* _Available data_
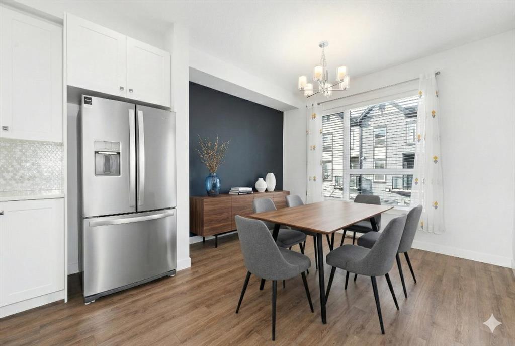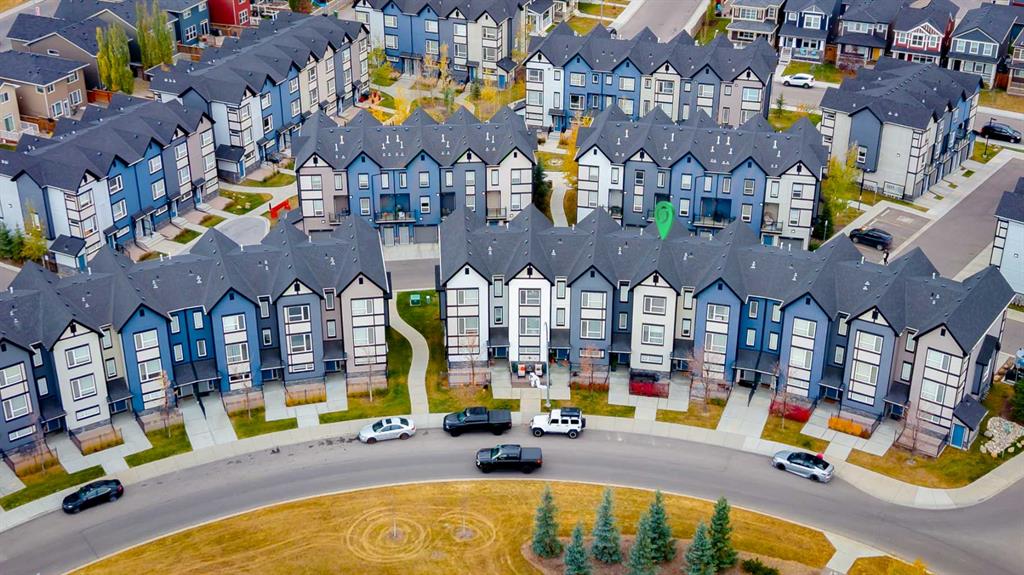 Welcome to this beautifully designed 3 bedroom, 2.5 bathroom townhouse, ideally located in the sought-after community of Evanston in NW Calgary. Perfectly positioned facing a picturesque circular park, this home offers a blend of thoughtful layout, modern finishes, and everyday convenience. The entry level welcomes you with a spacious foyer featuring direct access to the finished double tandem garage, finished with durable epoxy flooring and including dedicated utility and storage areas, providing both function and organization. From here, step outside to enjoy a private ground-level patio, ideal for relaxing, gardening, or entertaining. Additional parking available on the single driveway, ample visitor parking as well as convenient street parking in front of the home. Upstairs, the main living level showcases an open-concept design that seamlessly connects the living room, dining area, and kitchen. The centrally located kitchen is the heart of the home, anchored by a large quartz island and complemented by abundant cabinetry, multiple pantry spaces, and stainless steel appliances. On one side of the kitchen, the bright and inviting living room features large windows that flood the space with natural light and provide access to a balcony, perfect for morning coffee or evening downtime. On the opposite side, the dining area offers plenty of room for hosting family dinners or gatherings with friends. A convenient 2-piece powder room completes this level. The upper floor is thoughtfully arranged to maximize privacy and comfort. The primary suite is situated at one end and features a walk-in closet and a private 3-piece ensuite. On the other end, two additional well-sized bedrooms - one with a walk-in closet—share a full 4-piece bathroom. A convenient upstairs laundry area adds to the practicality of the layout, making daily routines effortless. Additional features include air conditioning for year-round comfort and a location that truly sets this home apart. Enjoy walking-distance access to Evanston’s shopping, schools, and nearby soccer fields, along with quick and easy connections to Stoney Trail for commuting around the city. This move-in-ready townhouse offers a rare combination of park-facing views, modern finishes, and an unbeatable location - an excellent opportunity to call Evanston home.
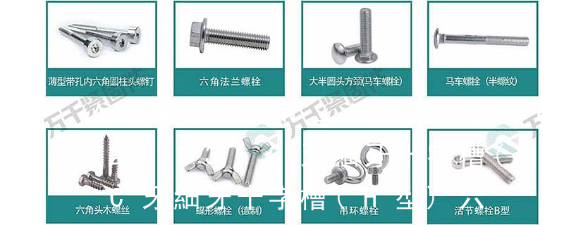 自切自攻螺釘有以下幾種型式:十字槽盤頭自切自攻螺釘,十字槽沉頭自切自攻螺釘。十字槽半沉頭自切自攻螺釘,六角頭自切自攻螺釘。3、自擠自攻螺釘(自攻鎖緊螺釘)自擠自攻螺釘的螺紋一般為機螺紋,很少采用自攻螺紋。在扳擰 B:球面圓柱頭; C:圓柱頭; F(K):沉頭; H:六角頭;HW:六角頭帶墊圈; O:半沉頭; P:平元頭; R:半元頭;PW:平元頭帶墊圈; T:大扁頭; V:蘑菇頭;④ 螺釘牙型 A:自攻尖尾(日標第1種)疏
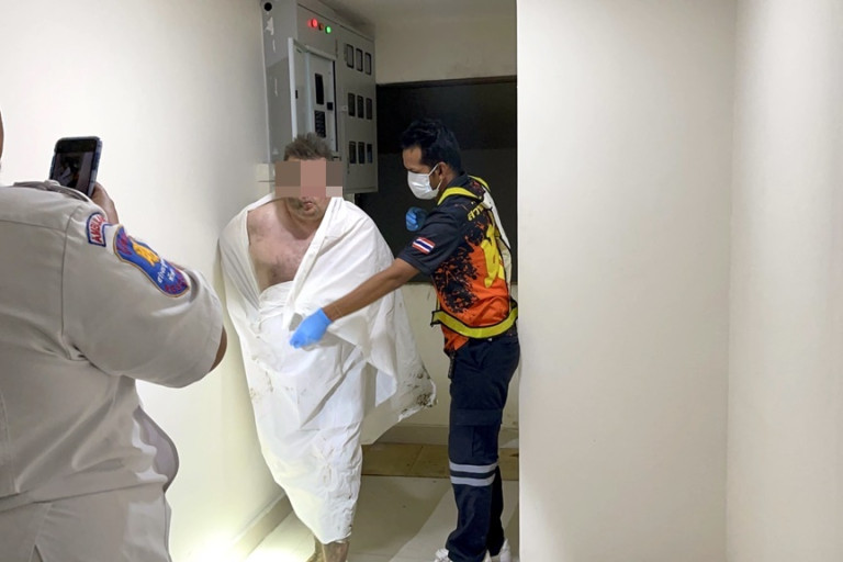 ที่เกิดเหตุพบ นักท่องเที่ยวและประชาชนอยู่ในอาการแตกตื่นตกใจ ที่ฝ้าเพดานของร้านเกมส์ พบร่างกายส่วนขาของ MR.PAUL HADFIELD อายุ 51 ปี สัญญาณอังกฤษ ทะลุลงมาส่งเสียงร้องขอความช่วยเหลือ โดยเจ้าหน้าที่กู้ภัยฯ ช่วยกันนำร่างขึ้นจากหลังคา แล้วปฐมพยาบาลเบื้องต้น ก่อนเคลื่อนย้ายส่งโรงพยาบาลอย่างเร่ง ตรวจสอบพบว่า ผู้บาดเจ็บตกมาจากระเบียงชั้นสองของโรงแรม ซึ่งอยู่ติดกัน แล้วร่างกระแทกกับหลังคาจนทะลุฝ้าของร้านเกม นอกจากนี้ ภายในห้องที่ 210 ชั้นที่ 2 อุจจาระเรี่ยราดที่นอนและตามพื้นเป็นจำนวนมาก ส่งกลิ่นเหม็นคละคลุ้งตลบอบอวลไปทั่ว
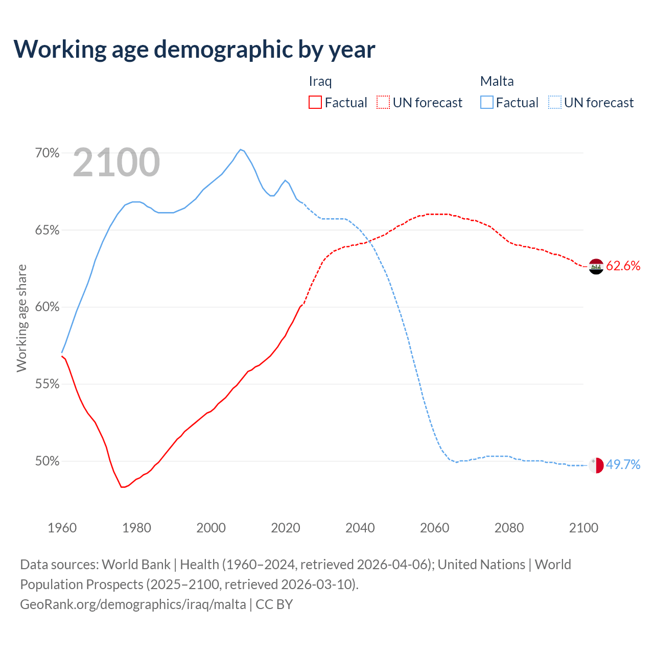 - Iraq has 29M working age adults (aged 15-64) vs 388K in Malta.
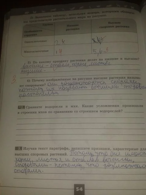 Решения домашних заданий по биологии 5 класс Пасечник В.В. 54 упражнение Рабочая тетрадь
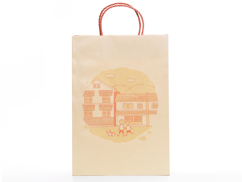 愛しい我が子に食べさせたい、大好きな人を笑顔にしたい、そんな想いでお煎餅・芋けんぴ・豆菓子の製造を続ける「我が子菓子 善蔵」。直営店舗のある愛媛県喜多郡内子町を訪れた時に見た美しい白壁の町並みから、手提げ袋はクラフトペーパー ハーフにホワイトを印刷しようと考えた。紙色が背景でなく色として見えるように配色した。(長澤昌彦さん)

* _Assignment_
Without the pictures, repeat the listing word for word.

* _Answer below_
 Welcome to this beautifully designed 3 bedroom, 2.5 bathroom townhouse, ideally located in the sought-after community of Evanston in NW Calgary. Perfectly positioned facing a picturesque circular park, this home offers a blend of thoughtful layout, modern finishes, and everyday convenience. The entry level welcomes you with a spacious foyer featuring direct access to the finished double tandem garage, finished with durable epoxy flooring and including dedicated utility and storage areas, providing both function and organization. From here, step outside to enjoy a private ground-level patio, ideal for relaxing, gardening, or entertaining. Additional parking available on the single driveway, ample visitor parking as well as convenient street parking in front of the home. Upstairs, the main living level showcases an open-concept design that seamlessly connects the living room, dining area, and kitchen. The centrally located kitchen is the heart of the home, anchored by a large quartz island and complemented by abundant cabinetry, multiple pantry spaces, and stainless steel appliances. On one side of the kitchen, the bright and inviting living room features large windows that flood the space with natural light and provide access to a balcony, perfect for morning coffee or evening downtime. On the opposite side, the dining area offers plenty of room for hosting family dinners or gatherings with friends. A convenient 2-piece powder room completes this level. The upper floor is thoughtfully arranged to maximize privacy and comfort. The primary suite is situated at one end and features a walk-in closet and a private 3-piece ensuite. On the other end, two additional well-sized bedrooms - one with a walk-in closet—share a full 4-piece bathroom. A convenient upstairs laundry area adds to the practicality of the layout, making daily routines effortless. Additional features include air conditioning for year-round comfort and a location that truly sets this home apart. Enjoy walking-distance access to Evanston’s shopping, schools, and nearby soccer fields, along with quick and easy connections to Stoney Trail for commuting around the city. This move-in-ready townhouse offers a rare combination of park-facing views, modern finishes, and an unbeatable location - an excellent opportunity to call Evanston home.
 自切自攻螺釘有以下幾種型式:十字槽盤頭自切自攻螺釘,十字槽沉頭自切自攻螺釘。十字槽半沉頭自切自攻螺釘,六角頭自切自攻螺釘。3、自擠自攻螺釘(自攻鎖緊螺釘)自擠自攻螺釘的螺紋一般為機螺紋,很少采用自攻螺紋。在扳擰 B:球面圓柱頭; C:圓柱頭; F(K):沉頭; H:六角頭;HW:六角頭帶墊圈; O:半沉頭; P:平元頭; R:半元頭;PW:平元頭帶墊圈; T:大扁頭; V:蘑菇頭;④ 螺釘牙型 A:自攻尖尾(日標第1種)疏
 ที่เกิดเหตุพบ นักท่องเที่ยวและประชาชนอยู่ในอาการแตกตื่นตกใจ ที่ฝ้าเพดานของร้านเกมส์ พบร่างกายส่วนขาของ MR.PAUL HADFIELD อายุ 51 ปี สัญญาณอังกฤษ ทะลุลงมาส่งเสียงร้องขอความช่วยเหลือ โดยเจ้าหน้าที่กู้ภัยฯ ช่วยกันนำร่างขึ้นจากหลังคา แล้วปฐมพยาบาลเบื้องต้น ก่อนเคลื่อนย้ายส่งโรงพยาบาลอย่างเร่ง ตรวจสอบพบว่า ผู้บาดเจ็บตกมาจากระเบียงชั้นสองของโรงแรม ซึ่งอยู่ติดกัน แล้วร่างกระแทกกับหลังคาจนทะลุฝ้าของร้านเกม นอกจากนี้ ภายในห้องที่ 210 ชั้นที่ 2 อุจจาระเรี่ยราดที่นอนและตามพื้นเป็นจำนวนมาก ส่งกลิ่นเหม็นคละคลุ้งตลบอบอวลไปทั่ว
 - Iraq has 29M working age adults (aged 15-64) vs 388K in Malta.
 Решения домашних заданий по биологии 5 класс Пасечник В.В. 54 упражнение Рабочая тетрадь
 愛しい我が子に食べさせたい、大好きな人を笑顔にしたい、そんな想いでお煎餅・芋けんぴ・豆菓子の製造を続ける「我が子菓子 善蔵」。直営店舗のある愛媛県喜多郡内子町を訪れた時に見た美しい白壁の町並みから、手提げ袋はクラフトペーパー ハーフにホワイトを印刷しようと考えた。紙色が背景でなく色として見えるように配色した。(長澤昌彦さん)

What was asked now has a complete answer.